Kafka Cluster Sizing

We’re starting to use Kafka for a number of projects. We can start off on virtual machines on our shared VMWare cluster, but we expect the disk IO to soon reach levels that will make it unsuitable for running on our shared storage. This post looks at some techniques for sizing up a physical Kafka cluster.

Let’s start by taking a look at some of our busiest but realistic streaming data, our LAMP application logs. It’s generally understood that the busiest day of the year, particularly for peak traffic, is the Grand National. We still have logs from this day on an NFS share, so we can load it into Hadoop to look at peak throughput.

Once the data has been loaded into HDFS we can use the spark shell to look at the data.

val timeRegexp = """[0-9]{2}:[0-9]{2}:[0-9]{2}""".r
val gnLogs = sc.textFile("/user/kaerasta/gnlogs")
val logTimes = gnLogs.map(line => timeRegexp.findFirstIn(line))
val timeFrequency = logTimes.countByValue
val maxTime = timeFrequency.maxBy(_._2)
// maxTime: (Option[String], Long) = (Some(15:16:50),4931425)
val peakLogs = gnLogs.filter(line => line.contains("15:16:50"))

This gives us two files on HDFS, the logs for the busiest single second and a count of the log lines per second.
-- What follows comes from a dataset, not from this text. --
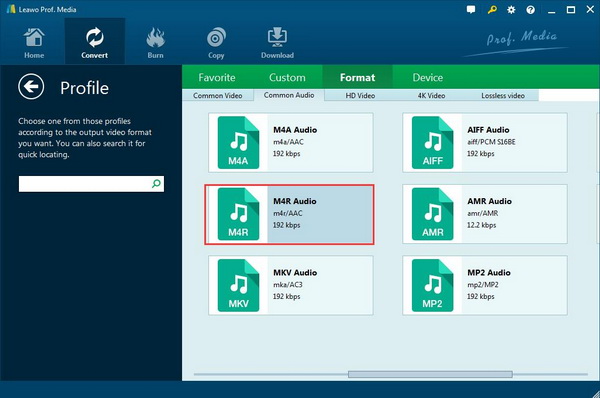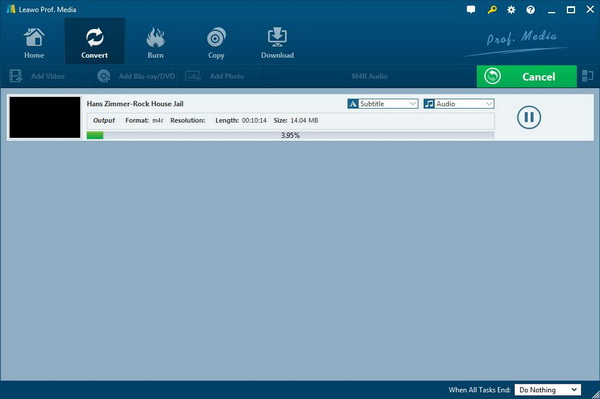 作为最受欢迎的 OGG 到 M4R 转换器之一, Leawo 视频转换 允许用户转换超过 180 格式之间相互转换,例如 OGG 到 M4R, WMV到MP4,M4R 到 AAC, MOV 到 AVI, MKV 到 MOV等等。此外,它还支持 iPhone、iPad 和所有便携式设备的视频和音频转换。它支持批量文件转换,并拥有许多令人惊叹的功能,包括合并所有文件为一个、修剪视频或音频文件的长度、裁剪视频片段、添加水印等等,功能强大,功能多样。

hadoop fs -du -h -s peaklogs
# 1.3 G (uncompressed)
hadoop fs -text /user/kaerasta/logs_per_sec/* | sed 's/(Some(//g;s/)//g' | sort > sorted_logs_per_sec.csv

So we’ve written 1.3 GB of data in a single second at the peak time, but is this a spike or are we seeing this level of traffic for an extended period? For this we turn to R, having done a little tidying of the data with sed.

sorted_logs_per_sec <- read.csv("~/sorted_logs_per_sec.csv", header=FALSE)
sorted_logs_per_sec <- sorted_logs_per_sec[2:length(sorted_logs_per_sec[,1]), ]
time_x <- seq(1:length(sorted_logs_per_sec[,1]))
plot(time_x,sorted_logs_per_sec[,2], type='l', col=3)

Log spike

We can see this is one single huge spike, so can probably cope with designing the cluster for lower levels of traffic.

We now need some numbers for our cluster sizing model, built using the Cloudera Kafka reference architecture. We’re going to use a replication factor of 3 because this is data we care about, we’ve seen a write rate of 1300 MB/sec at peak, and we’re guessing 15 consumers.

Putting those numbers into our model gives us an expected cluster-wide disk throughput of 16000 MB/sec and a cluster-wide memory requirement of 40 GB.

To enable patching and give us high availability we’ve been assuming an initial cluster of five servers. Assuming the load is spread fairly evenly we need to cope with 3200 MB/sec per-server and 8 GB memory per server. Our infra team aren’t too worried about these numbers, and offer to put some numbers together for us.